Opening virtual cell models to the axis of time, temporal models may enable programming cells towards lasting therapeutic trajectories.


  • MaxToki is a temporal AI model for generating past, intervening, and future cell states across dynamic trajectories and in silico predicting interventions to induce desired cell state transitions.

  • MaxToki was trained on nearly 1 trillion gene tokens including cell state trajectories across the human lifespan to generate cell states across long timelapses of human aging.

  • We developed a temporal training strategy using continuous numerical tokenization to train the model to generate cell states along trajectories as well as understand the numerical continuum of time.

  • We developed a prompting strategy to query the trained model and found that MaxToki generalized to unseen trajectories (held-out ages and held-out cell types) through in-context learning.

  • The model inferred age acceleration in diseases of aging never seen during training, including pulmonary fibrosis and Alzheimer dementia.

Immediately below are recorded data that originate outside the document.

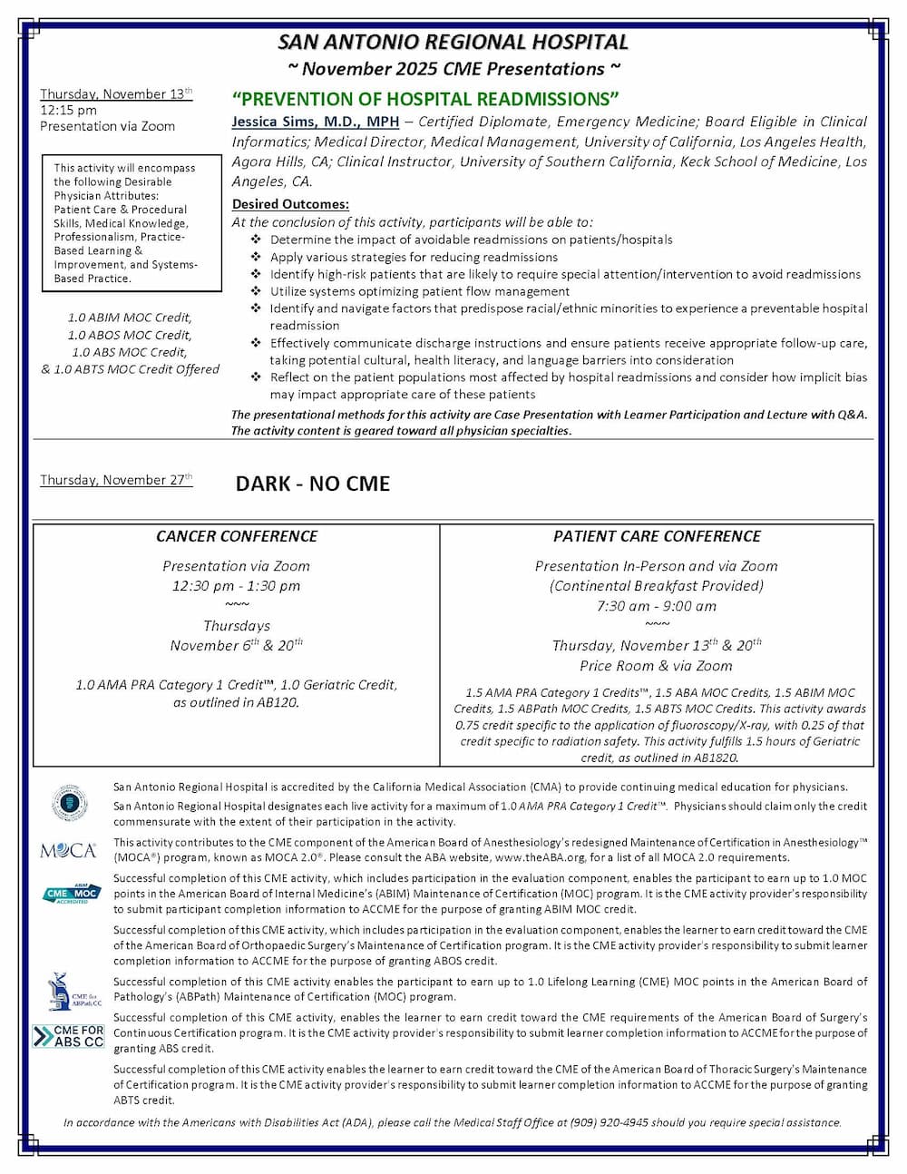 Download the November 2025 Medical Staff CME Calendar
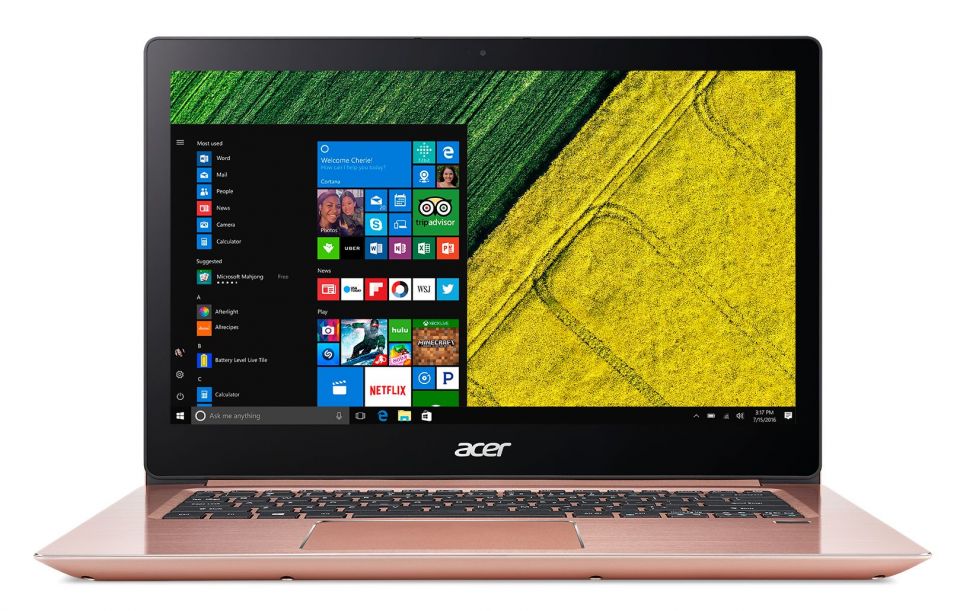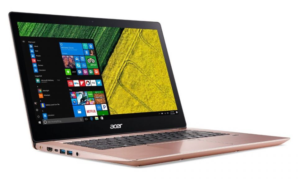 Swift 3 (SF314-52-P140)Windows 10 Home - Intel Pentium Gold 4415U Processor (2.3GHz, 2MB L3 cache) - 4 GB DDR4 Memory OB + N/A - 256GB SSD + N (M.2) - SD card reader - No DVD - 14" FHD IPS LCD with glass - HD Graphics - Intel 802.11ac + BT - HD Camera with 2Mic.- Acer fingerprint reader - Backlight KB - USB 3.1 Type-C port Gen 1 - 4-cell Li-Ion battery - 45W_3phy wall-mounted-EU AC Adapter - Sakura Pink Full Aluminium
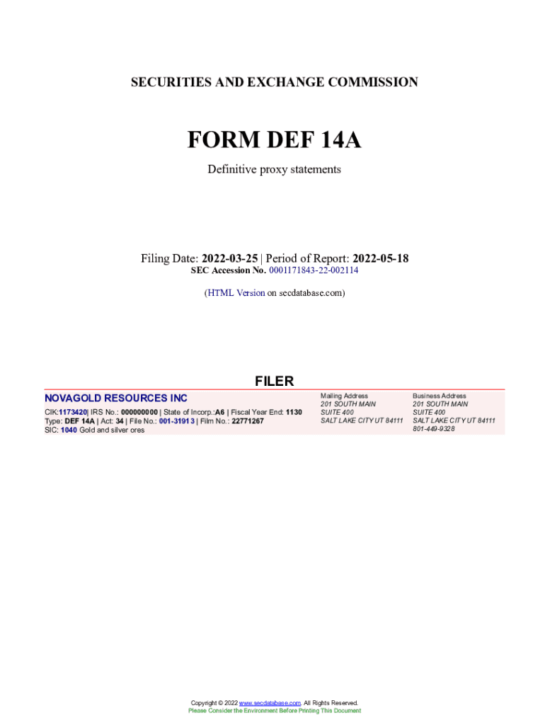 Get the free NOVAGOLD RESOURCES INC Form DEF 14A Filed 2022-03-25. Accession Number

  • MaxToki predicted candidate age-promoting vs. rejuvenating perturbations in cardiac cell types that we experimentally validated to cause age-related gene network dysregulation and functional decline both in vitro and in vivo.


Building on foundation models for network biology

Biological foundation models have recently shown promise for predicting the impact of perturbations on cell states. We previously developed one of the first foundational models for network biology, Geneformer, pretrained back in 2021 on ~30 million and more recently >100 million human single-cell transcriptomes (gene activity profiles of individual cells) from a broad range of tissues to gain a fundamental understanding of gene network dynamics (1, 2). We demonstrated that Geneformer could enable biologically meaningful predictions in a diverse range of tasks, consistently outperforming baselines logistic regression, random forest, and support vector machines. Most importantly, however, Geneformer drove novel biological insights through in silico modeling of perturbations that we verified in the lab, including discovering a new regulator in heart cells and predicting therapeutic targets that restored the beating of disease heart muscle cells.

            Since the initial Geneformer model, there has been a rapid growth in foundation models for network biology, including scGPT, scFoundation, GeneCompass, UCE, Nicheformer, scSimilarity, TranscriptFormer, STATE, and more. Yet, a key limitation of Geneformer and related models is that they only model one cell state (gene expression profile) at a time, precluding them from learning the progression of cell states along dynamic trajectories such as development, aging, and disease. This is like trying to learn natural language by reading only one isolated sentence at a time with no context, rather than full stories. However, to train a foundation model with a full story of cell states, one has to overcome two obstacles: one in data availability and one in computational feasibility.

     

Opening virtual cell models to the axis of time

To address this, we developed MaxToki, a temporal AI model designed to generate past, intervening, and future cell states across dynamic trajectories and predict perturbations that would induce desired trajectory shifts (3). MaxToki was trained on nearly 1 trillion gene tokens including ~175 million single-cell transcriptomes and 100 million cell state trajectories across the human lifespan from birth to the tenth decade of life to generate cell states across the long timelapses of human aging. Full stories of cell states across aging are limited by inaccessibility of disease-relevant human tissues; for example, we are unable to serially biopsy the same individual’s brain over the course of their lifespan. However, we overcame this by assembling a population-based corpus of human aging with single-cell transcriptomes from ~3800 individuals from which we constructed aging trajectories across individuals stratified by cell type and sex. This allowed us to train the model to understand the mechanisms of gene network dysregulation that occur over the long timelapses of human aging that were common across the population.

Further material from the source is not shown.